Cystic Fibrosis IND. We are continuing to prosecute our IND for cystic fibrosis with the FDA. At the FDA’s request, we have conducted a large animal model study intended to establish pharmacological safety with relation to cardio and central nervous system toxicity as well as genotoxicity for this IND. Should the FDA find the results of that study sufficient, we could start Phase I clinical trials on cystic fibrosis in Q1 of 2006, subject to FDA approval.
Results of Operations
Revenues and Gross Profit — We did not book any revenue for the three or nine-month periods ended September 30, 2005. As we continue to pursue preclinical and clinical testing of our pharmaceuticals, we may not book significant revenues in the near future.
Operating Expenses and Operating Loss — We incurred $364,335 in research and development expenses for the quarter ended September 30, 2005. We incurred $191,506 in research and development expenses for the same period of 2004. Our general and administrative expenses were $557,713 during the quarter ended September 30, 2005, as compared to $250,819 during the quarter ended September 30, 2004. As a result of the foregoing, we sustained an operating loss of $922,048 for the quarter ended September 30, 2005, as compared with an operating loss of $442,325 for the same period of 2004.

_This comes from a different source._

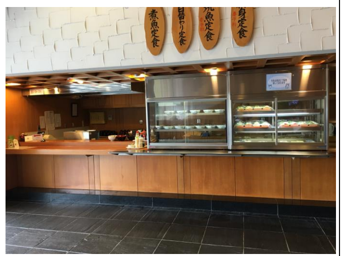
2 階レストラン内部（職員使用可）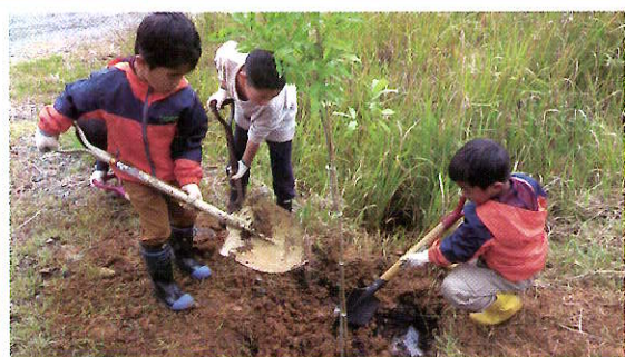
子ども達の森林学習 (若狭町)

For the nine months ended September 30, 2005 we incurred $2,034,841 in research and development expenses, $1,345,000 of which related to our acquiring the patents and patent rights relating to SaveCream. We incurred $362,484 in research and development expenses for the same period of 2004. Our general and administrative expenses were $1,446,034 during the first nine months of 2005, as compared to $2,667,782 during the nine-month period ended September 30, 2004, resulting in operating losses of $3,480,875 through September 30, 2005 and $3,030,266 for the same period of 2004.

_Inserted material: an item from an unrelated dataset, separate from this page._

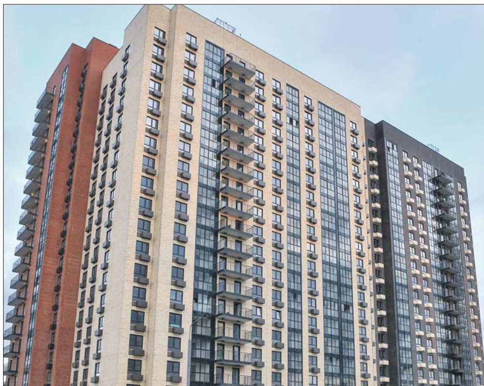
После сдачи дома по реновации сразу готовы к заселению

Other Income/Expense and Net Loss — We booked $2,674 in interest income and incurred interest expenses of $7,591 for the quarter ended September 30, 2005, as compared with interest income of $854 and $27,497 in interest expenses for the same period of 2004. During the quarter ended September 30, 2005, we also booked a foreign currency loss of $9,720. We had no foreign currency risk in 2004. In addition, we recognized an unrealized gain on financial instrument of $572,615 during the quarter. In sum, our net loss applicable to common shareholders for the third quarter of 2005 was $364,070 or a loss of less than $0.01 per fully diluted share. For the quarter ended September 30, 2004 we incurred a net loss applicable to common shareholders of $468,929, making a loss of less than $0.01 per fully diluted share.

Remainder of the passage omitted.